You may have heard the term “Fairness” in reference to Canada Revenue Agency’s Taxpayer Relief Guidelines. You might wonder why that is. Well, the answer is quite simple really. When the provisions were introduced, the taxpayer relief legislation was originally called the “fairness legislation”. The idea behind the original name was that the legislation would address situations or circumstances that might be unfair to a taxpayer.
So why the name change? When it comes to penalty and interest what CRA discovered along the way was that everyone has a different idea of what “fairness” means. But confusion among the public, or at least vague interpretations of what fairness means, wasn’t the only reason for the name change. It’s important to remember that penalty and interest relief are not the only functions of this legislation. The relief provisions also enable a taxpayer to apply for submission of, revocations to, or amendments to elections that may be beyond the ordinary three year limitation for adjustments. Similarly, a taxpayer can apply for refunds or reductions to amounts payable that are beyond the statute barred date, providing there is sufficient documentary evidence to support an unclaimed deduction or refund. So the term “fairness” needed to be broadened to provide a more complete description of the legislation.

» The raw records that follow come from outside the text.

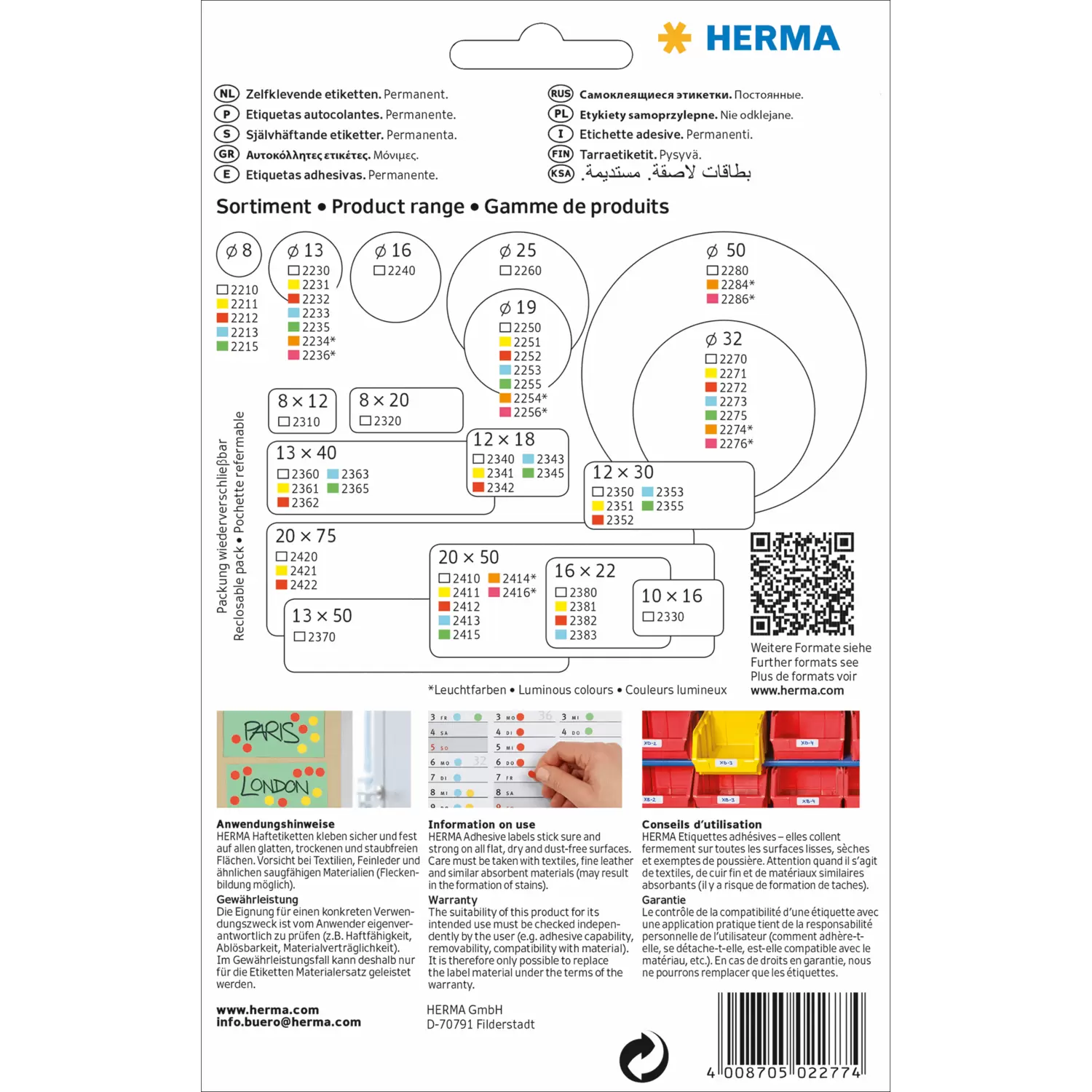 Etichette sigillanti in film di poliestere trasparente con adesivo extra forte. Di impiego versatile come chiusura originaria di confezioni. Fortissimo potere adesivo, anche su superfici critiche o umide. Impermeabili, resistenti all'invecchiamento e ai raggi UV, antiolio e antisporco, lavabili. Ideali per la scrittura a mano, ad es. con pennarelli per lucidi, penne a sfera o matite. Non adatte all'etichettatura tramite PC. Allo scopo utilizzare le etichette sigillanti HERMA su fogli A4.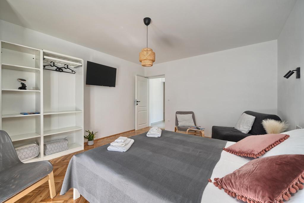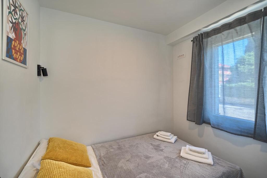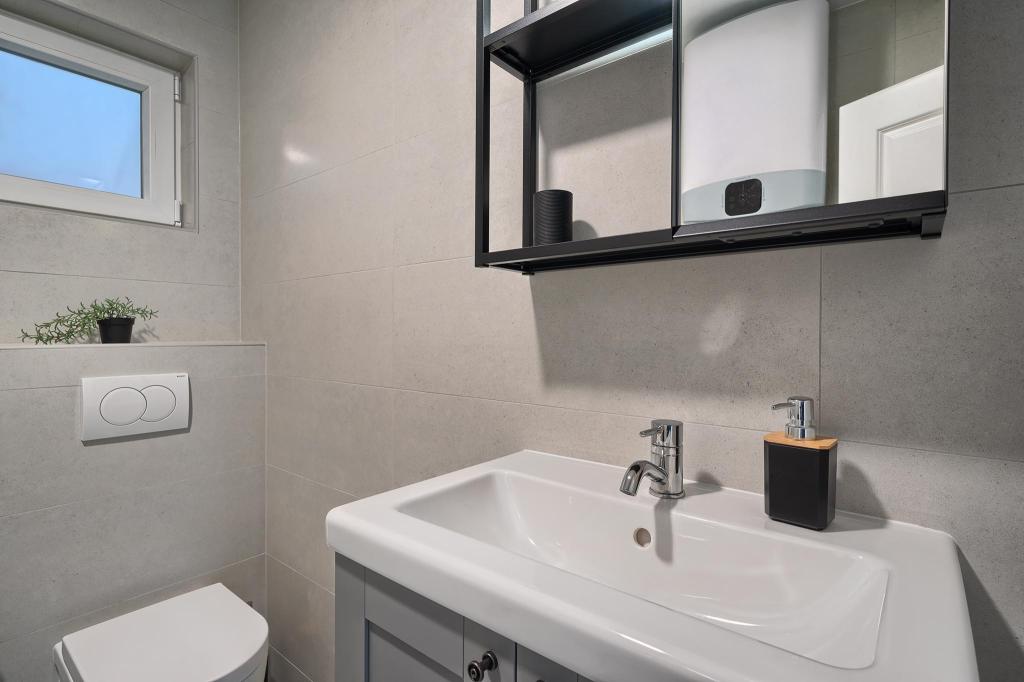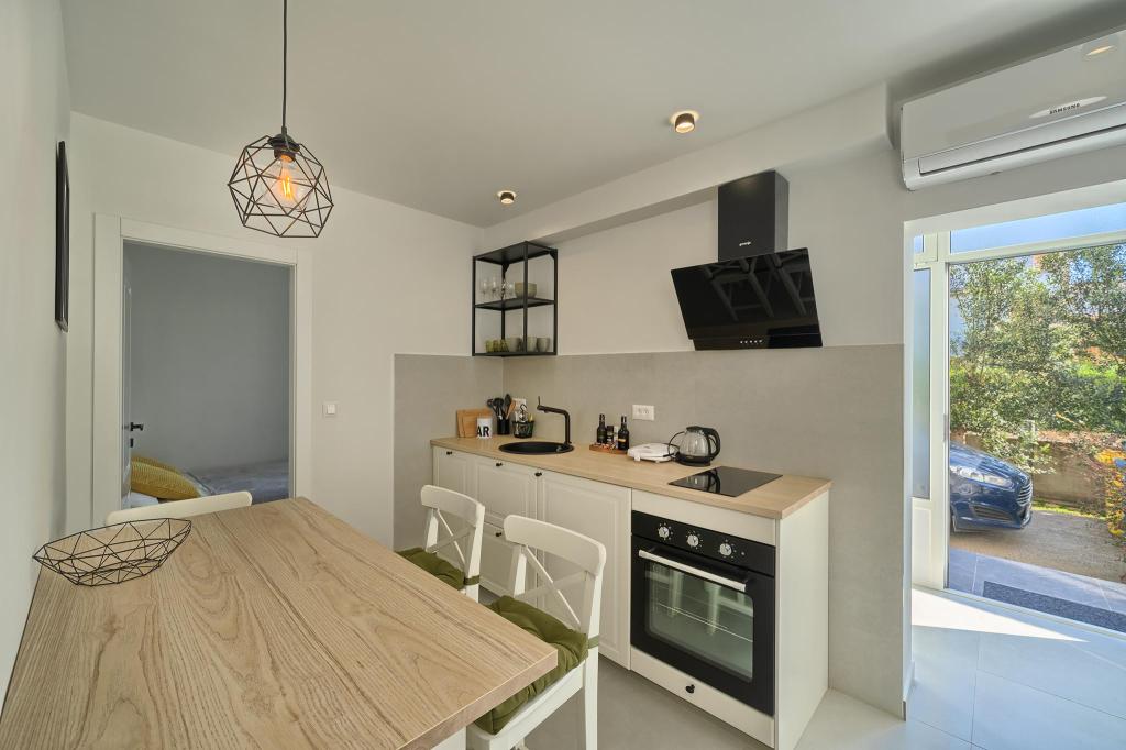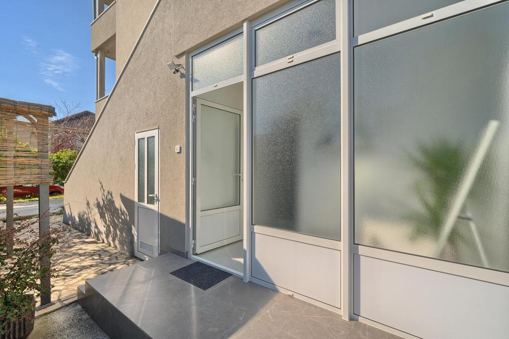 Just a 2-minute walk from the beach, our newly renovated two-bedroom apartment offers a perfect mix of comfort and convenience for your stay in Dalmatia. With modern amenities in a cozy setting, it’s an ideal base for beach lovers and explorers. The apartment’s location is close to shops, cafes, restaurants, pharmacies, and the airport ideal for a worry-free holiday. The main bedroom includes a queen-size bed, a single sofa bed, smart TV, and access to a private balcony with seating. The second bedroom features a double bed. Our kitchen is equipped with everything you need for home-cooked meals, including a stove, oven, and refrigerator, alongside a dining area Bathroom is stocked with essentials and towels. The apartment is equipped with Wi-Fi and air conditioning. Guests can enjoy an outdoor shared space with BBQ for outdoor dining. Free parking on premises.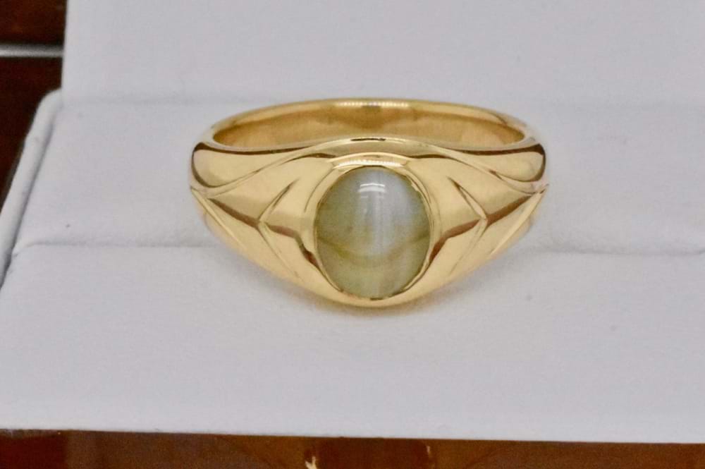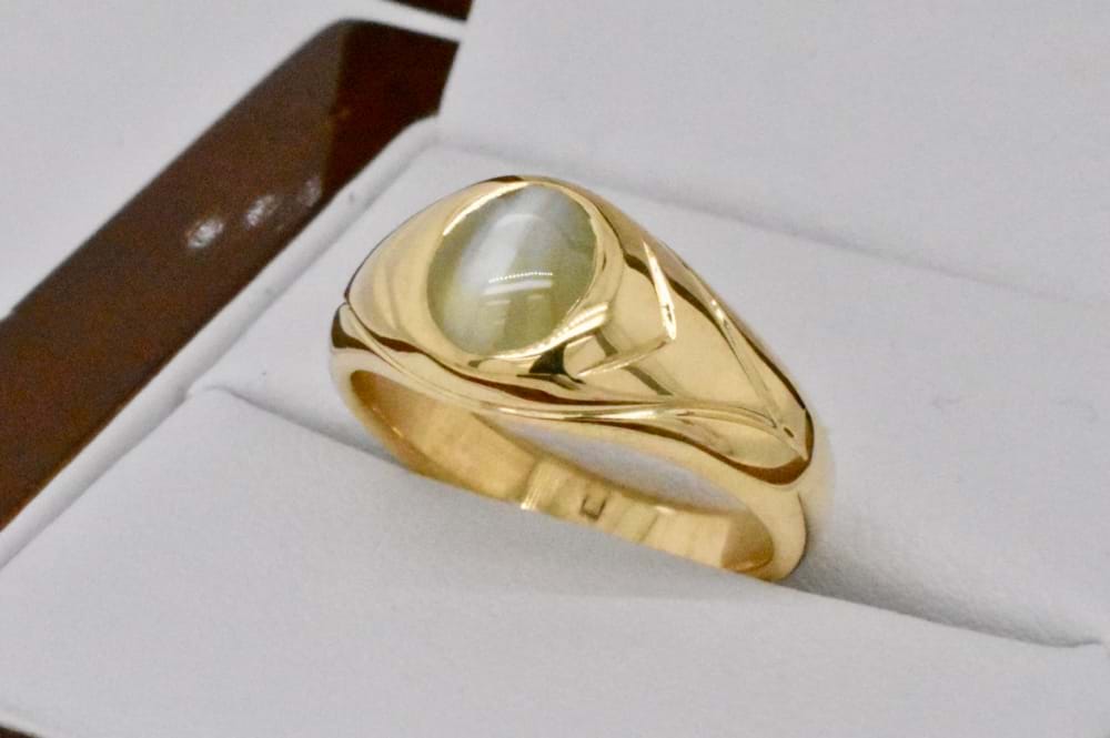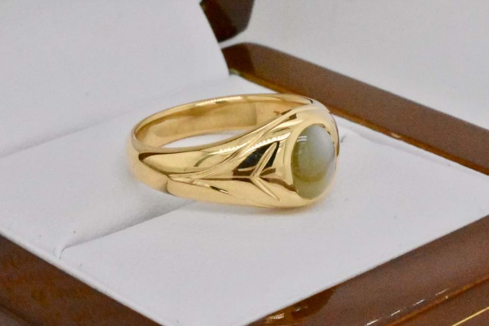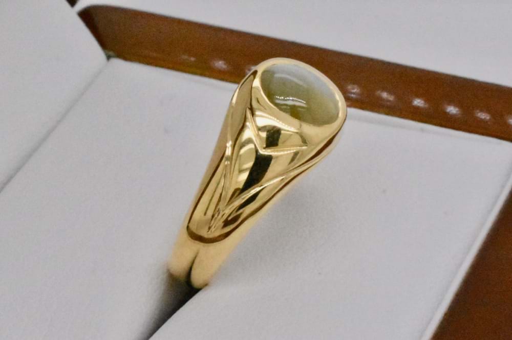 This 2.11ct cats eye chrysoberyl is both incredibly rare and highly collectable. Sought after for many years, we were finally able to source our gem connoisseur client this special specimen. Technically referred to as a chatoyancy effect this cats eye illusion paired with the ‘milk & honey’ effect of golden chrysoberyl makes this find particularly exciting. The ring was designed alongside its’ owner and has been crafted in 18ct yellow gold. Independent Valuation Supplied. If you are inspired by this archived design contact us today to discuss how we can create something incredible for you or your loved one.

The key to successful applications under what was formerly called the fairness legislation is to have a thorough understanding of the categories for relief, their definitions, and the decision-making criteria Canada Revenue Agency uses to determine eligibility. It’s not simply enough to write and ask in a general or roundabout way for relief. Having a complex and nuanced understanding of the categories and decision-making factors makes an enormous difference. Before applying for relief, understand how and what constitutes fairness. More information can be found by reading the guidelines.